On February 10, 2025, at approximately 10:30 AM UTC, the platform experienced disruptions due to the merging of our Assets Distribution System with our backend. This incident affected several users, resulting in platform unavailability. 

The situation was declared on our status page at 11:15 AM UTC, and team mitigation efforts restored stability by 11:47 AM. The total disruption lasted 1 hour and 17 minutes, from February 10, 2025, 10:30 AM UTC to February 10, 2025, 11:47 AM UTC. 

In addition, some projects experienced issues with asset distribution, which persisted for 4 hours and 19 minutes, from February 10, 2025, 10:41 AM UTC to February 10, 2025, 3:00 PM UTC.

Incident Timeline 

Incident Detection

Time: 10:30 UTC

Description: A production incident was detected internally, impacting the Kili API and Frontend services in the Europe environment. The team began investigating the issue.

Incident Declaration 

Time: 11:15 UTC

Description: Incident created on Status page 

Issue Identified

Time: 11:39 UTC

Description: The root cause of the issue was identified, and the team started implementing a fix.

Fix Implemented

Time: 11:48 UTC 

Description: A fix was implemented, and the team began monitoring the results to ensure the issue was resolved.

Status page update

Time: 13:35 UTC 

Kili API and Kili Frontend are operational 

Fix Implemented

Time: 14:29 UTC 

Description: A fix was implemented, and the team began monitoring the results to ensure the issue was resolved.

Monitoring

Time: 16:17 UTC 

Description: The team continued to monitor the system for any further issues, ensuring stability.

Resolution

Time: 17:18 UTC 

Description: The issue was successfully resolved, and all systems were confirmed to be fully operational. Users were informed that the services were back to normal.

End-User Impact

The application was unavailable for users for 1 hour and 17 minutes, from February 10, 2025, 10:30 AM UTC to February 10, 2025, 11:47 AM UTC. 

Additionally, several projects faced issues with asset distribution for 4 hours and 19 minutes, from February 10, 2025, 10:41 AM UTC to February 10, 2025, 3:00 PM UTC.

What caused the incident?

The incident occurred due to the merging of the Asset distribution system with the backend, which required all project queues to be rebuilt. Two main issues were resolved:

  • Excessive parallel rebuilds for the same project due to an update of the rebuild status 

  • Rebuild issues for some projects when some assets were returned and fixed by a different user than the one who made the label that was sent back.

Corrective elements put in place to ensure that this does not happen again

To prevent this incident from happening again, the following measures were taken: 

  • Fixed the rebuilding process for projects
Posted Feb 11, 2025 - 14:29 UTC

Resolved

Dear users,

We inform you that the issue affecting our Europe environment has been successfully resolved. Our team has implemented the necessary fixes, and all systems are now fully operational.
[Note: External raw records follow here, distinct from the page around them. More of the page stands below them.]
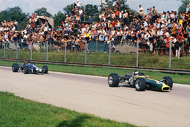 Jimmy Clark was leading the Italian Grand Prix comfortably in his Lotus 49 Ford-Cosworth, when on the 12th lap, he suffered a puncture and lost a lap. He caught the back of the field and carved his way through to the front to unlap himself, generously towing new leader, his teammate Graham Hill, clear of the chasing pack. Clark then disappeared up the road…only to reappear in their mirrors. He'd made up a whole lap and, had sliced his way back into the lead by lap 60! Sadly, on the final lap, the Lotus's fuel pump failed to pick up the last dregs of fuel, allowing the battling John Surtees (Honda) and Jack Brabham (Brabham) ahead. Surtees crossed the line first with Brabham right behind him. But there has never been a greater third place in Formula 1 history.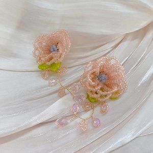 Hand Beaded Pink Flower Earrings
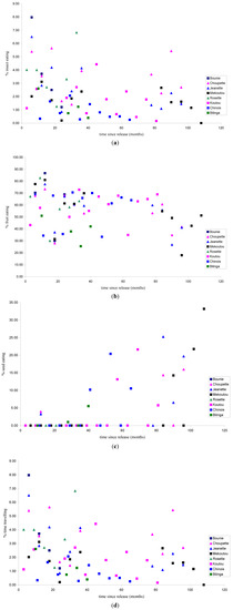 Our study does show that, when the same months are compared across years, fruit consumption decreased over time. One reason for the change in diet over time may be that during the captive period and early pre-release state (spent in semi-liberty on islands), the animals were mainly being fed with fruits (e.g., banana, papaya, figs) and therefore may have preferentially chosen to feed on fruit soon after release [12,20]. The decline in fruit eating is most probably because, in later years, the dietary repertoire expanded to include a greater range of food types, in particular seeds, as is found in wild chimpanzees [33,34,35,36,37].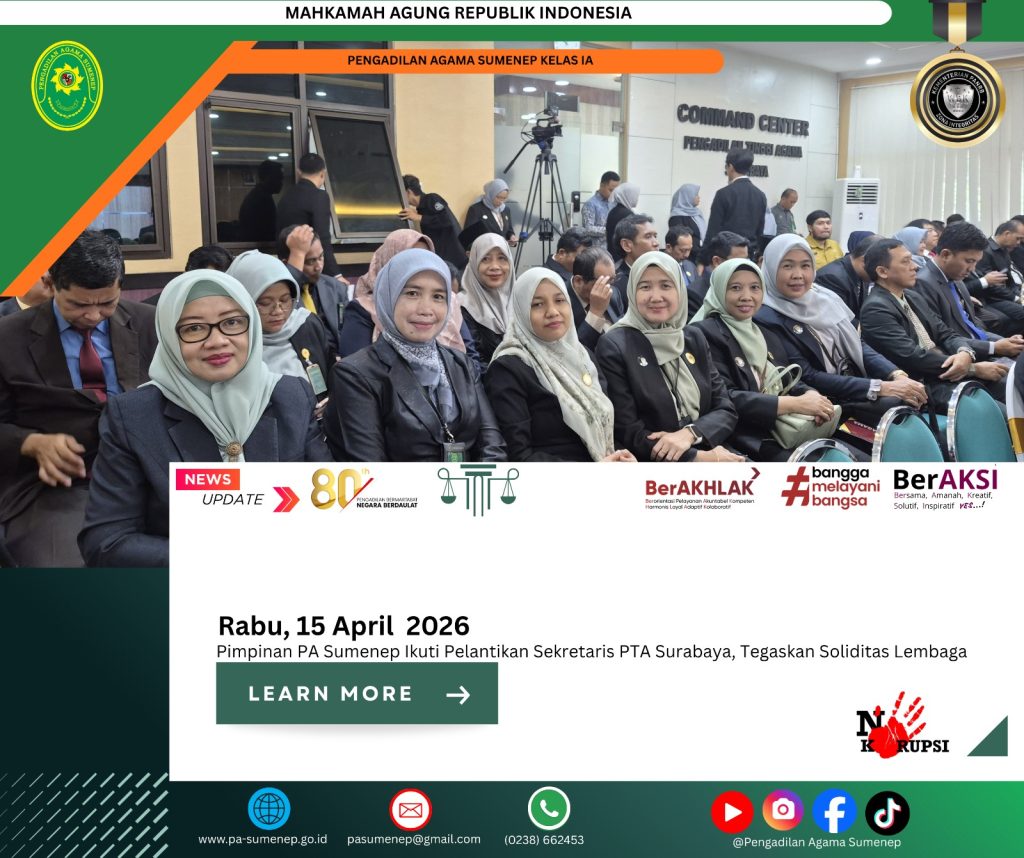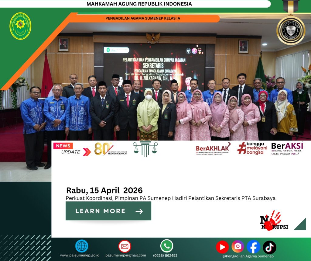 Baca Juga : Tingkatkan Kinerja, Sekretaris PA Sumenep Hadiri Rakor Sekretaris se-Wilayah PTA Semarang dan PTA Surabaya

We appreciate your patience and understanding while we worked to resolve this matter. If you continue to experience any issues, please don't hesitate to reach out to our support team.

Best regards,
Kili Team
Posted Feb 10, 2025 - 17:18 UTC

Update

We are continuing to monitor for any further issues.
Posted Feb 10, 2025 - 16:17 UTC

Monitoring

A fix has been implemented and we are monitoring the results.
Posted Feb 10, 2025 - 13:35 UTC

Identified

The issue has been identified and a fix is being implemented.
Posted Feb 10, 2025 - 11:39 UTC

Investigating

Dear all,

We inform you that we are currently experiencing a production incident that is impacting our services.
We apologize for any inconvenience this may have caused.
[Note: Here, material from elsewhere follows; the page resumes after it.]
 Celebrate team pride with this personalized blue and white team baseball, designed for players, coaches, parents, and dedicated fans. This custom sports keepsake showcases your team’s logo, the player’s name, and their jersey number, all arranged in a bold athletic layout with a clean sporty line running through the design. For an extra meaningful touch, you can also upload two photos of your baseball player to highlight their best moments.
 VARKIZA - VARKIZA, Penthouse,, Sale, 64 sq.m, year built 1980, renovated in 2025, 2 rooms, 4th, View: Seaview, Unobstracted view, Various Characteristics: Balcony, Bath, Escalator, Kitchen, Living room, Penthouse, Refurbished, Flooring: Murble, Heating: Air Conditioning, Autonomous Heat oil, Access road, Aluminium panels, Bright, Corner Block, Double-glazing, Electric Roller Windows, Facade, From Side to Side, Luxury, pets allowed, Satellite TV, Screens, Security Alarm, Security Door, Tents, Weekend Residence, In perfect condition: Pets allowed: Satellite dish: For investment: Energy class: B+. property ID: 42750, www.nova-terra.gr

We are working diligently to resolve this issue and restore our services as soon as possible. We will continue to provide updates on our status page https://status.kili-technology.com/

Thank you for your understanding and patience during this time.

Sincerely,

Kili Support Team
Posted Feb 10, 2025 - 11:15 UTC
This incident affected: Europe (Europe - Kili API, Europe - Kili Frontend).